I think the general attitude in hospitals is that you work with your case manager to decide when you are OK to go home. I suspect you would be on a locked ward but this doesn't mean you are going to be locked up and they will throw away the key! The staff need to know who is coming and going - or else why be there to be safe in the first place. The people who came back to the partial program from the hospital still had thoughts about suicide but felt in less imminent danger of doing anything to themselves. You'll only be there until you feel safer.

It sounds like your husband realises you're struggling. Have you talked to him about it? Your family just want to keep you safe, but I can understand you wanting to be alone.

I'd strongly encourage you to go see your therapist as soon as you can. It's great that he's realised the gravity of the situation and will see you sooner. Would it help if you just talked about how you feel right now and not about all the stuff that caused it? I imagine just telling him about your struggle to go on will help you emotionally. If you decide not to go in the hospital he may be able to see you more often to keep you afloat. Maybe just being there with him will help.

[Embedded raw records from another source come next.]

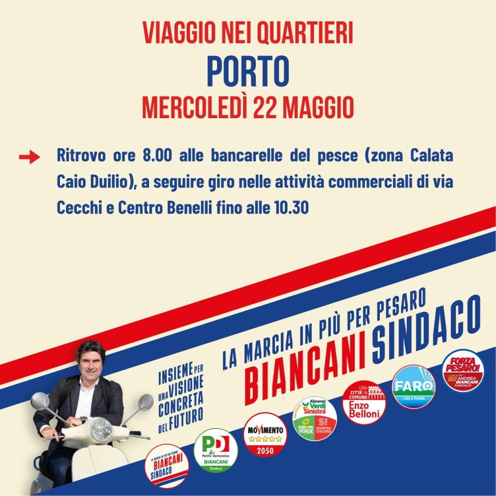 Dopo Loreto, Montegranaro, Muraglia, il Centro, le Colline, Borgo Santa Maria e Case Bruciate, Baia Flaminia e Soria, Pantano e Villa Fastiggi, Vismara, Cattabrighe, San Bartolo e l’Arzilla domani mattina sarà la volta del Porto, Tombaccia e Santa Maria delle Fabbrecce. Ritrovo ore 8.00 alle bancarelle del pesce (zona Calata Caio Duilio), a seguire giro nelle attività commerciali di via Cecchi e Centro Benelli fino alle 10.30.
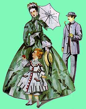 В моде высшего класса, как мне кажется, в то время господствовали испанский стиль, навеянный императрицей Евгенией де Монтихо, испанкой по происхождению, - отсюда многослойность, воланы, болеро, мантильи, кружева и бархат, и арабский стиль, выражавшийся в оформлении нарядов вышитыми сутажем арабесками и ношении бурнусов.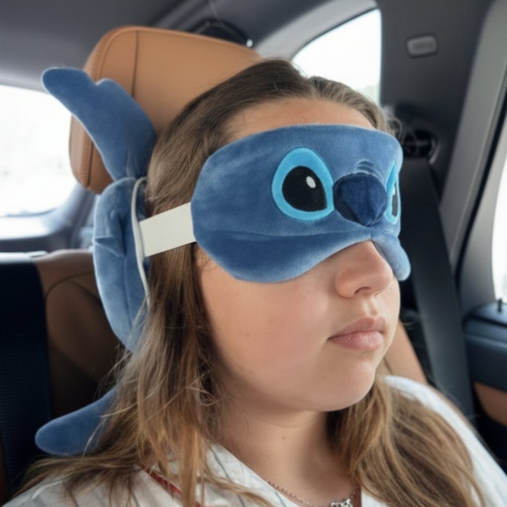 Oční maska s cestovním polštářkem Lilo & Stitch se zapínáním na zip a praktickou karabinkou na zavěšení na batoh. Po rozepnutí se rozloží a uvnitř ukrývá oční masku; po jejím nasazení zůstane rozložený polštářek za hlavou a poskytne pohodlí při cestování.
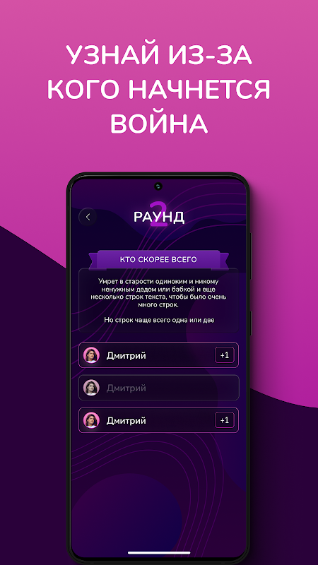 Это мобильная версия популярной игры "Кто скорее всего". Отвечай на вопрос Кто из нас станет...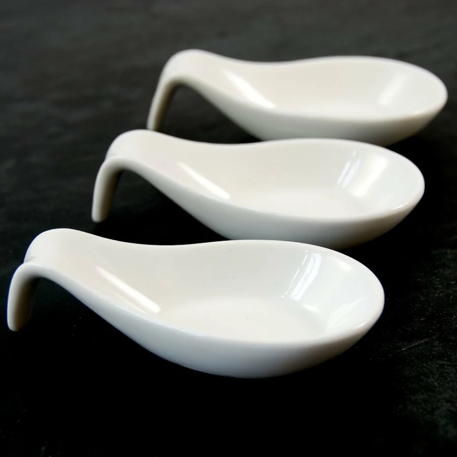 Kiji Stoneware & Ceramics White Drop Handle Canape Dish X 12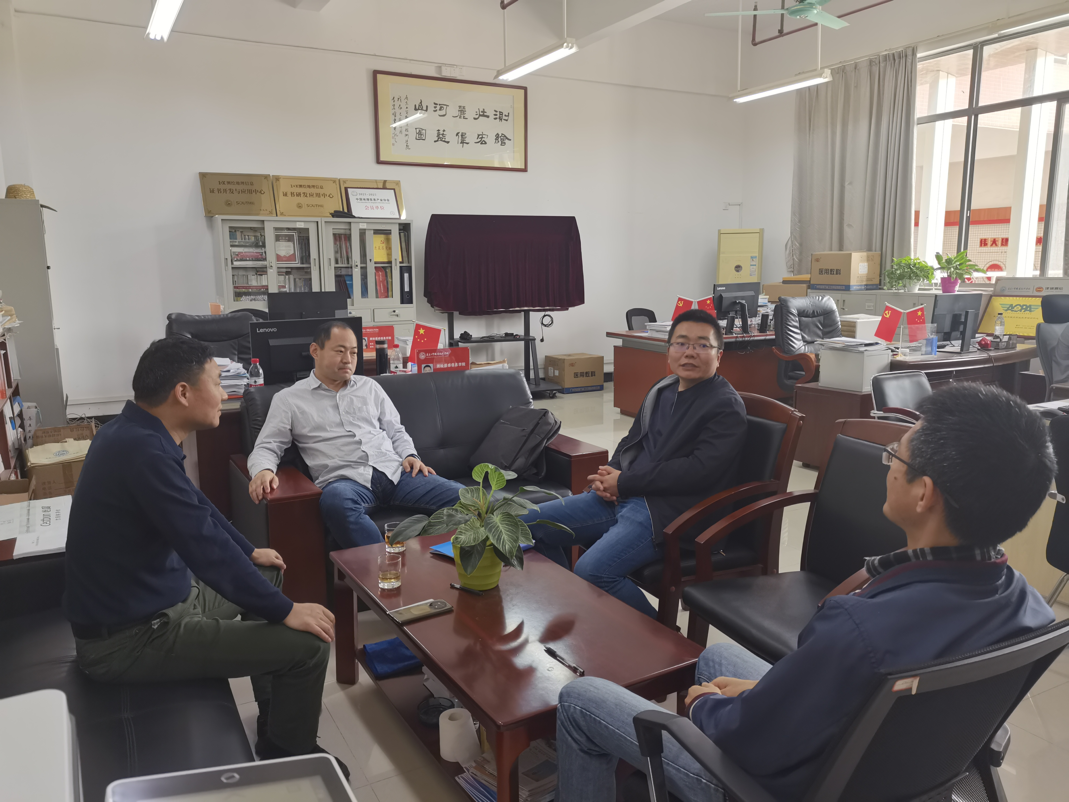 2023年4月27日上午,广东省地质测绘院广州分院院长焦道振、副院长唐升峰到我校测绘遥感信息学院开展交流,测绘遥感信息学院副院长高照忠、地理信息系主任黄铁兰进行了接待。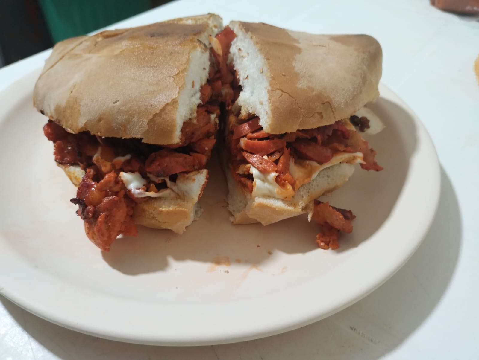 Torta con pastor, milanesa, aguacate, tomate y quesillo.
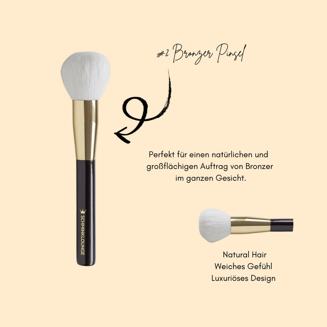 HOW TO: Tauche den Bronzer Pinsel leicht in das Bronzing Powder. Klopfe den Pinsel sanft an, um überschüssiges Produkt zu entfernen und verteile das Produkt großflächig auf dein Gesicht oder Dekolleté.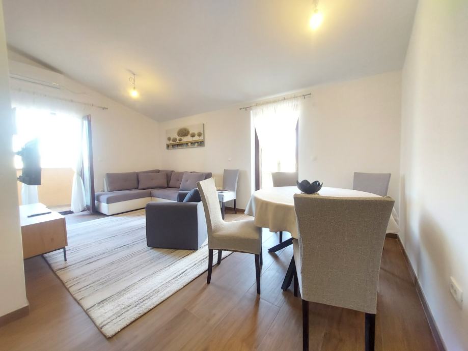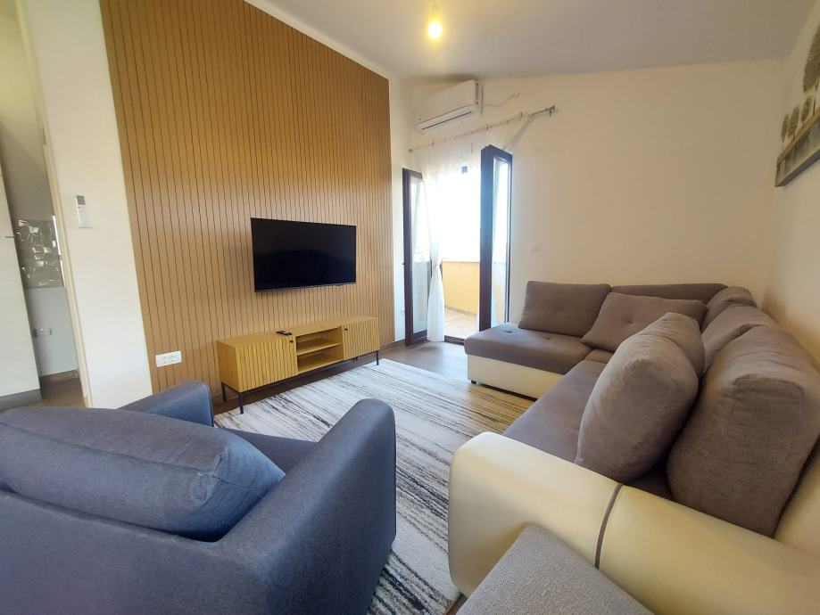 Stan je kompletno namješten i opremljen ( klimatizacija, perilica posuđa, perilica rublja, dvije televizije, sve novo).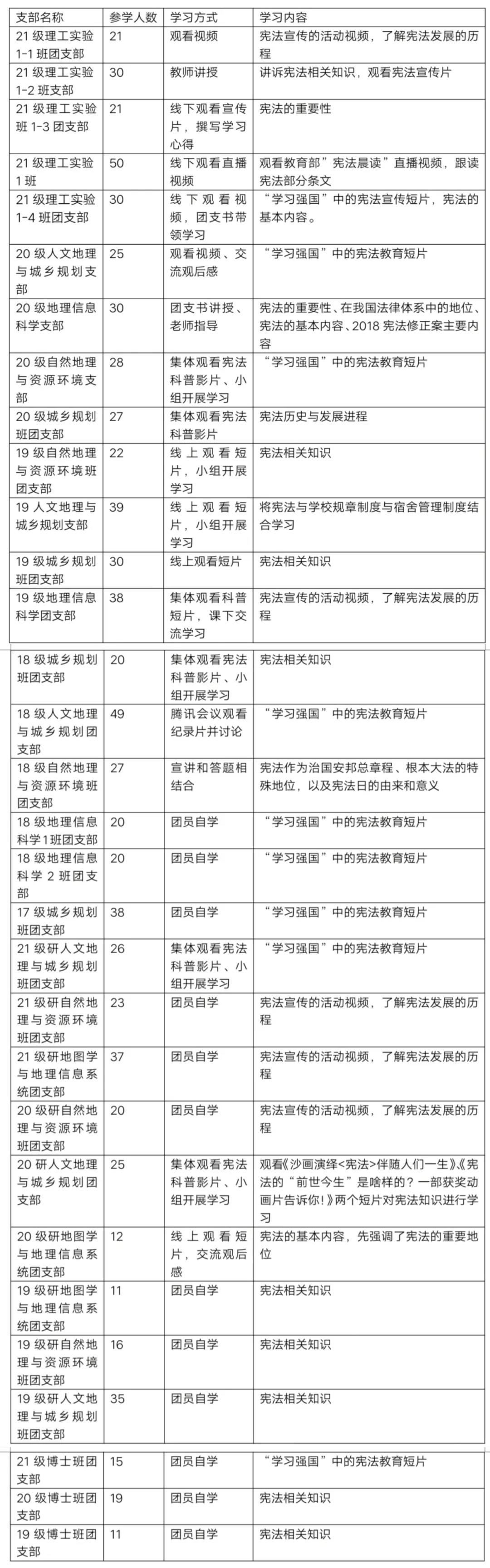 本次宪法宣传周参与班级团支部共32个,涉及青年970人次,以线上线下相结合的方式,通过老师指导、团支书讲授团课、观看视频、交流观后感、开展小组学习等多元化形式,学习了宪法在我国法律体系中的地位及其重要性、宪法的基本内容、2018宪法修正案等宪法相关知识。

I think alot of people here feel like that " I don't want to live, but am afraid to die". I'm afraid to die, and when I really acknowledge it I know it would destroy my parents and my sister if I killed myself. One of my friends said she couldn't see the point in working or doing anything in life because there's no point in living. My reponse was that if she couldn't kill herself, then she at least needed to be earning money or life would be far more unbearable. The moral of this story is that, harsh though it sounds, if you are alive right now you need to find a way to make it more comfortable (without the danger of killing yourself with vicodin!) It seems to me that getting support from your therapist and/or a hospital would be the way to go. What do you think?